なお、特措法については、新型コロナウイルス感染症もその対象としている。
②新型コロナウイルス感染症対策
令和元年12月に中国武漢市で感染が広がった新型コロナウイルス感染症について、我が国でも2年1月15日に最初の感染者が確認され、政府は2年1月30日に新型コロナウイルス感染症対策本部を設置(以下「政府対策本部」という。)した。政府対策本部の設置を受け、同日国土交通省に「国土交通省新型コロナウイルス感染症対策本部」(以下「省対策本部」という。)を設置、4年3月末まで44回の省対策本部を開催し、国内における感染防止対策、水際対策等に省を挙げて取り組んだ。
(ア)国内における感染防止対策
国土交通省では、新型コロナウイルス感染症の国内発生以降、空港、鉄道駅等におけるマスク着用の徹底、手洗い励行、消毒液の設置、複数人が接する設備・施設の消毒等の衛生対策の徹底、職員同士の距離確保、事業場の換気励行、発熱等の症状が見られる従業員の出勤自粛等の実施及び職員間のテレワーク・時差出勤の実施を事業者に対して要請している。

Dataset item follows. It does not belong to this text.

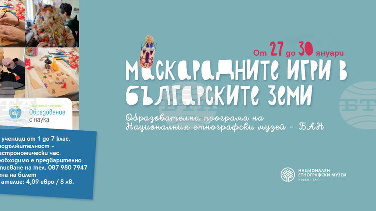 Националният етнографски музей при Българската академия на науките ще проведе образователна програма на тема „Маскарадните игри в българските земи“ за ученици от първи до седми клас. Занятията ще се състоят в периода от 27 до 30 януари, съобщават от музея.

また、令和2年5月には、事業者及び関係団体による自主体な感染予防対策を進めるため、感染拡大予防ガイドラインを策定することとされ、国土交通省所管の分野においても、4年1月末時点で63の団体が51のガイドラインを策定・公表している。国土交通省では、感染予防対策の徹底が図られるよう、関係団体に対し、ガイドラインを個々の事業者にしっかり周知し、感染予防に万全を期すよう要請している。加えて、公共交通機関においては、利用者に対し、
(1)マスクの着用や会話は控えめにすること
(2)車内換気へのご理解・ご協力
(3)テレワーク・時差出勤へのご協力について、鉄道駅や車内等におけるアナウンスや国土交通省と業界団体が共同作成したポスターの掲示
等を通じ、呼びかけを行っている。こうした取組みに加え、緊急事態宣言時及びまん延防止等重点措置実施時には、対象都道府県等における外出・移動の自粛の観点から、空港や鉄道駅、高速道路のSA・PA等における移動自粛の呼びかけ、主要空港へのサーモグラフィーの設置及び高速道路周遊パスの新規申込受付停止等の対策を講じている。

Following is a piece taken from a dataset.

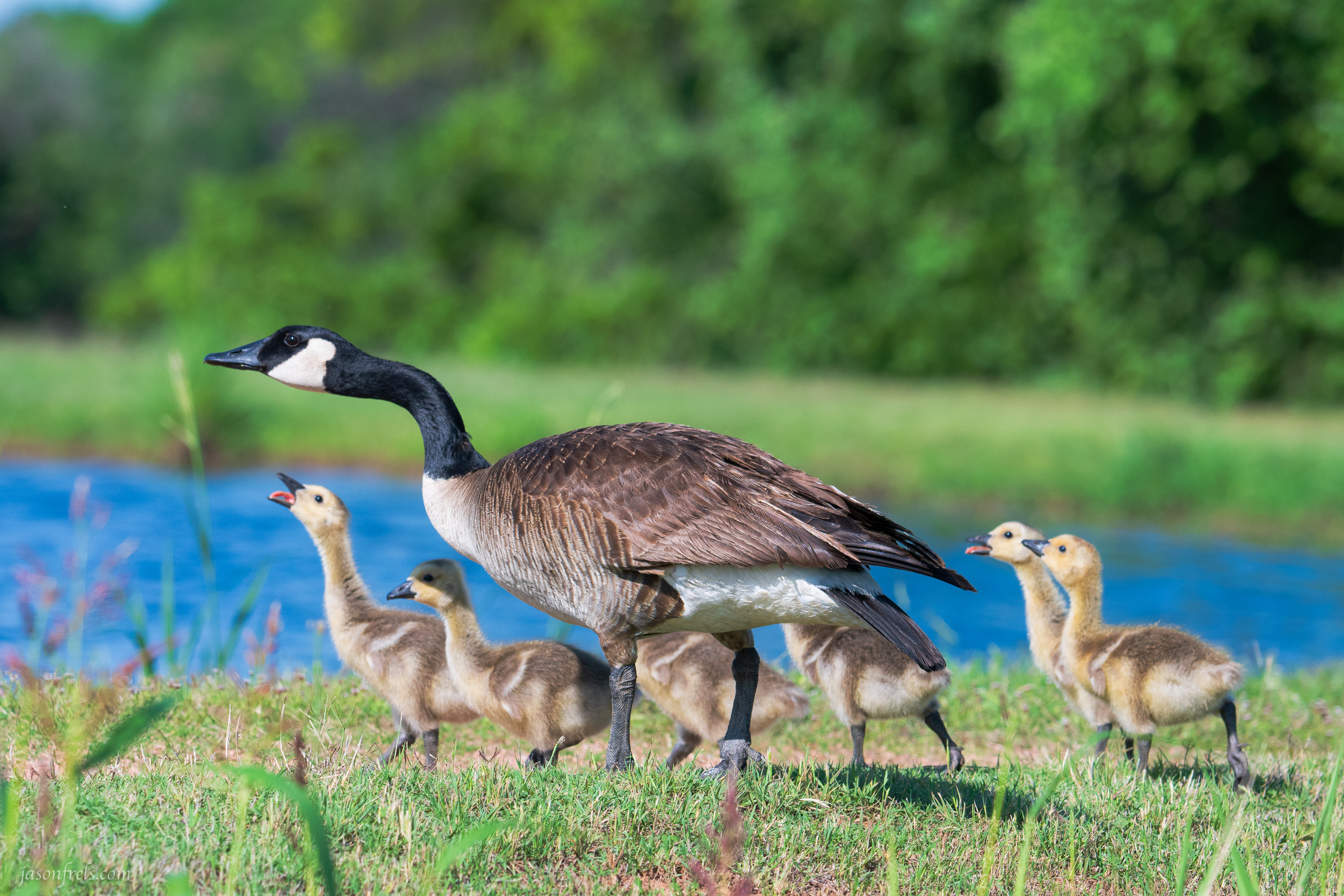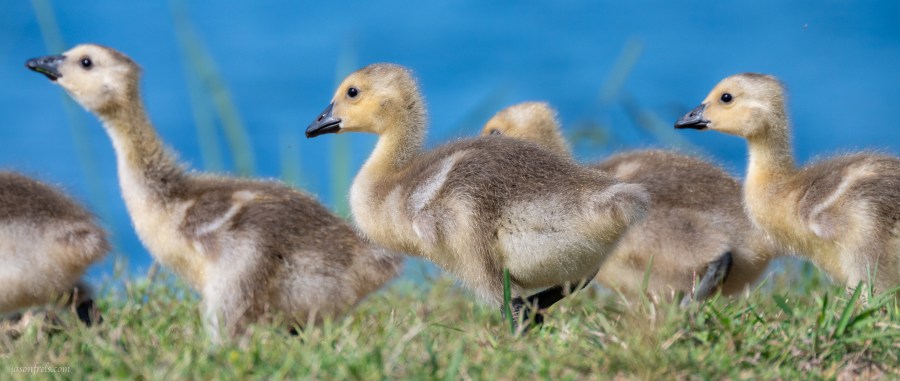 Who doesn’t like ducklings and goslings? I’d be hard pressed to choose between the two photos showing the youngsters. I like the capture of the open-billed little one practicing its honking, but that line of them is equally fun.

また、新型コロナウイルスのワクチン接種については、ワクチン接種に関する地域の負担を軽減し、接種の加速化を図るため、令和3年6月から職域接種が開始された。国土交通省としても、職域接種の実施にあたり、事業者と政府の間の調整等のサポートを行った。
(イ)水際対策
新型コロナウイルスについては、国外からの変異株ウイルスの流入防止に万全を期すため、政府として、外国人の新規入国拒否や入国者総数の制限等の水際対策に取り組んできた。
令和3年10月以降、ワクチン接種者に対する入国後の行動制限の緩和や外国人の新規入国制限の見直しといった水際対策の一部緩和措置が行われた。
同年11月下旬には、国外において新たな変異株であるオミクロン株が発生したことを受け、当該緩和措置は一時停止されたが、4年3月以降、入国者の待機期間の変更や外国人の新規入国制限の見直し、入国者総数の引上げ等、再び段階的な緩和措置が講じられている。国土交通省としても、内閣官房長官の下に設置されたオミクロン株への対応に関するタスクフォースの一員として、水際対策に取り組んだ。
(2)影響の大きい家畜伝染病対策
影響の大きい家畜伝染病対策については、平成30年9月、岐阜県の養豚場において、我が国では、4年以来26年ぶりとなる豚熱の発生が確認され、その後、令和4年3月31日現在岐阜県と愛知県を始め16県で77例の発生が確認されている。また、令和3年11月、秋田県の養鶏場において、我が国では前年度に引き続き鳥インフルエンザの発生が確認され、その後10県において、4年3月31日現在、国内で17例の鳥インフルエンザの陽性事案の発生が確認されている。
国土交通省では、地方公共団体が実施する防疫措置に必要となる資機材の提供、同地方公共団体が行う防疫措置についての関係事業者に対する協力要請を行うなど、更なる感染拡大の防止のため、関係省庁と緊密に連携して必要な対応を講じている。